Many centuries ago, the Incas of Pacific coastal South America had a keen and immediate awareness of the impacts of a strong El Nino. Evidence suggests they resorted to mass human sacrifices to appease the gods of the Sun and Moon they felt were punishing them with cataclysmic rains and flooding. But radiocarbon dating of sea shells along the coast of Peru points to even earlier examples of El Nino, probably as far back as the end of the last Ice Age some 10,000 years ago.

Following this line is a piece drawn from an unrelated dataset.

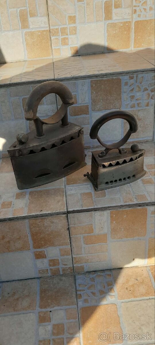 Predám starožitné žehličky na uhliky, malú za 20 e a veľku za 18 e

However, El Nino was only officially referenced by name first in an 1892 report to the Geographical Society Congress concerning the unusual current of warm water observed by Peruvian fishermen that periodically devastated the local economy. As came to be known, abnormally warm water reduces upwelling of rich nutrients that form the bottom of the regional food chain, resulting in fish kills or unusual migration patterns. The fishermen reported that the effects were typically maximized around Christmas, hence the local name “El Nino”, Spanish for “Christ Child”. The threat has persisted through today, especially as the frequency and duration of strong El Nino events may be on the increase due to global warming.

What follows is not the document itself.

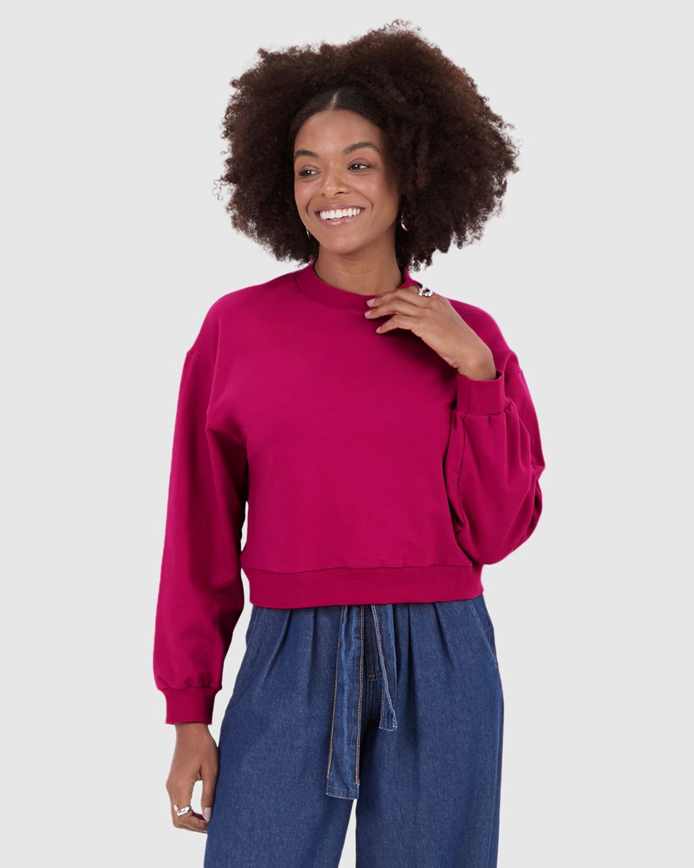 Blusão Básico Feminino Cropped Em Moletom Stretch Flanelado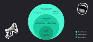 For example, if our platform heel retailer wants to expand their reach but make sure they’re still only showing for platform heel queries, they might keep the same keywords as above, but put them quote marks. This would mean they might show for search queries like “Pink Platform Heels” or “Buy Platform Heels on Sale.”

A few years after the term “El Nino” was first given the stamp of scientific authority, a British mathematician named George Walker, stationed in India to study the famous monsoon there, observed a distinct tug-of-war in atmospheric pressure readings between the Eastern and Western Pacific that he coined the Southern Oscillation and that appeared to have major implications for weather patterns across the globe. But it wasn’t until Norwegian-American meteorologist Jacob Bjerknes used data accumulated during the 1957 International Geophysical Year research project to link the oceanic and atmospheric components of what came to be known as ENSO (El Nino-Southern Oscillation). Bjerknes and his colleagues not only described the empirical connection between the two phenomena but the underlying physical explanation as well, recognizing the impact that ENSO had on trade winds, the currents of air that move major weather systems and determine large-scale, long-term patterns of precipitation like monsoons.
Interest spiked in the ENSO, especially the warm phase still known as El Nino, during the winter of 1982-83, the strongest amplitude warming event of the century up to that point. Record-shattering rainfall led to severe flooding in Ecuador and Peru as well as western and southern portions of the US, while parts of Australia, Indonesia, and interior South America suffered from devastating droughts and wildfires. The Peruvian fishing economy was crippled by an almost total failure of the anchovy harvest and the bewildering migration of sardines to cooler waters further south. The event came as a surprise to the atmospheric scientific community at large and instigated numerous research projects as well as the installation of dozens of new sensor packages across the Pacific to monitor variables like sea surface temperatures. The result was a much more timely and confident forecast of the equally strong El Nino event of winter 1997-98.
This winter’s El Nino is well on its way to rivaling the events of 1997-98 and 1982-83 in terms of magnitude. For some it will bring a welcome relief from years of below-normal precipitation, but others, like the Incas, dread the potential for a season of stormy mayhem.